The rest of this paper is organized as follows. Section 2 presents the preliminaries for elliptic curve cryptography. Section 3 describes the hardware architectures of the ALU and the ECC processor. Section 4 gives implementation results in FPGAs. Section 5 presents the comparison results with related work.
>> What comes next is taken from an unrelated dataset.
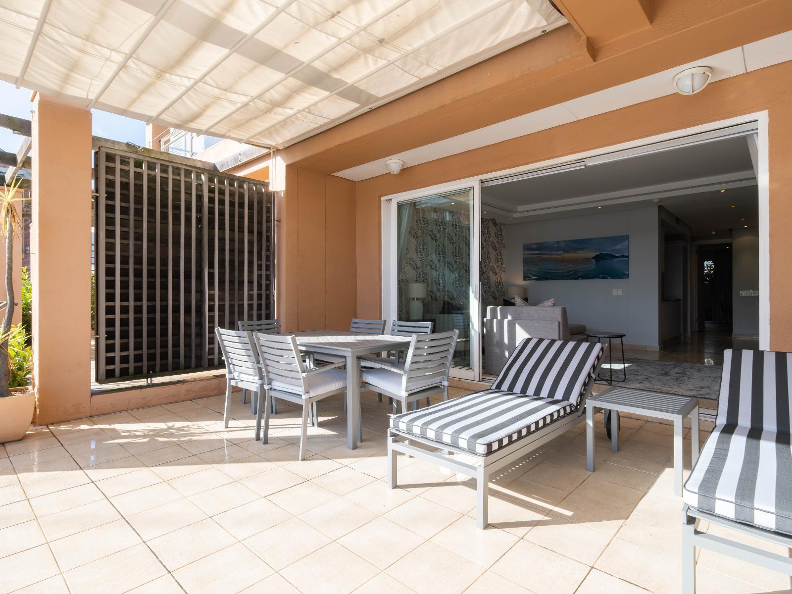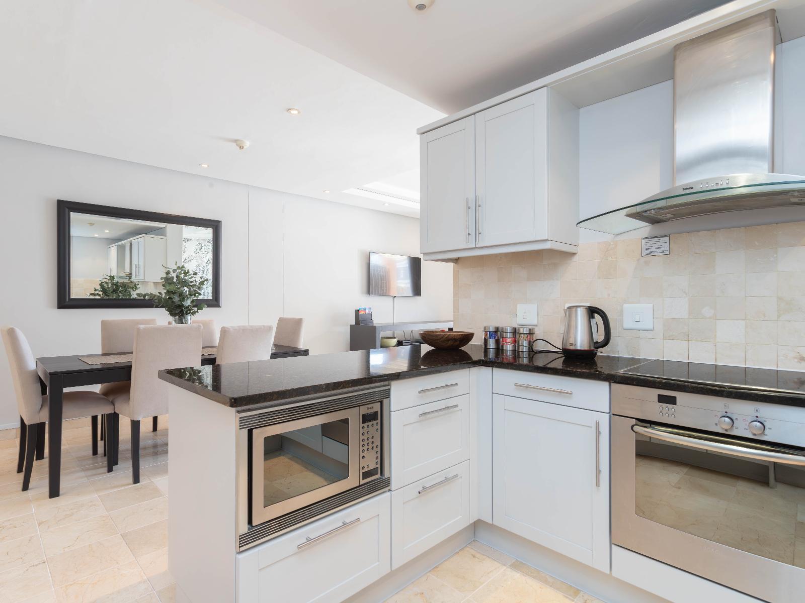 Luxurious 2-bedroom apartment with breathtaking canal and Table Mountain views. Main en-suite with shower, second bathroom with bath and shower. Stylish lounge, dining for 6, fully equipped kitchen, large terrace, double-glazed windows.

Section 6 concludes the paper.

2 Elliptic Curve Cryptography

The elliptic curve is defined over a field \(\mathbb {K}\) given by the Weierstrass equation:

$$\begin{aligned} E: y^2 + a_1 xy +a_3y = x^3 + a_2x^2 + a_4x + a_6. \end{aligned}$$
(1)

In the case of the characteristic \(Char(\mathbb {K}) \ne 2,3\), the general Weierstrass equation is simplified to

$$\begin{aligned} E: y^2 = x^3 + ax + b. \end{aligned}$$
(2)

In [14], Montgomery developed an original technique to compute multiples of points on an elliptic curve, as shown in Algorithm 1. His technique is based on the fact that the sum of two points whose difference is a known point can be computed without the y-coordinates of the two points. For each iteration in the Montgomery ladder algorithm, \(Q_1-Q_0\) always equals to the base point P, thus can be preset as a constant in advance. As the speed is not the primary optimization goal, we do not adopt more efficient algorithms such as NAF (Non-adjacent Form) or window-based algorithms, but employ the Montgomery ladder algorithm whose control is simpler. In addition, the method is resistant against Simple Power Analysis (SPA).

figure a

Let \(P = (x_1, y_1)\) and \(Q = (x_2, y_2)\in E(\mathbb {F}_q)\) with \(P\ne \pm Q\), and \(P+Q = (x_3, y_3)\), \(2P = (x_4, y_4)\). Given the point \(P-Q = (x', y')\), the x-coordinates of \(P + Q\) and 2P satisfy [2]:

$$\begin{aligned} x_3 = \frac{2(x_1+x_2)(x_1x_2+a)+4b}{(x_1-x_2)^2}-x', \end{aligned}$$
(3)

and

$$\begin{aligned} x_4 = \frac{(x_1^2-a)^2-8bx_1}{4(x_1^3+ax_1+b)}. \end{aligned}$$
(4)

The formulas for point addition and point doubling require a field inversion and several field multiplications. If inversion in \(\mathbb {K}\) is significantly more expensive than multiplication, then it may be advantageous to represent points using projective coordinates.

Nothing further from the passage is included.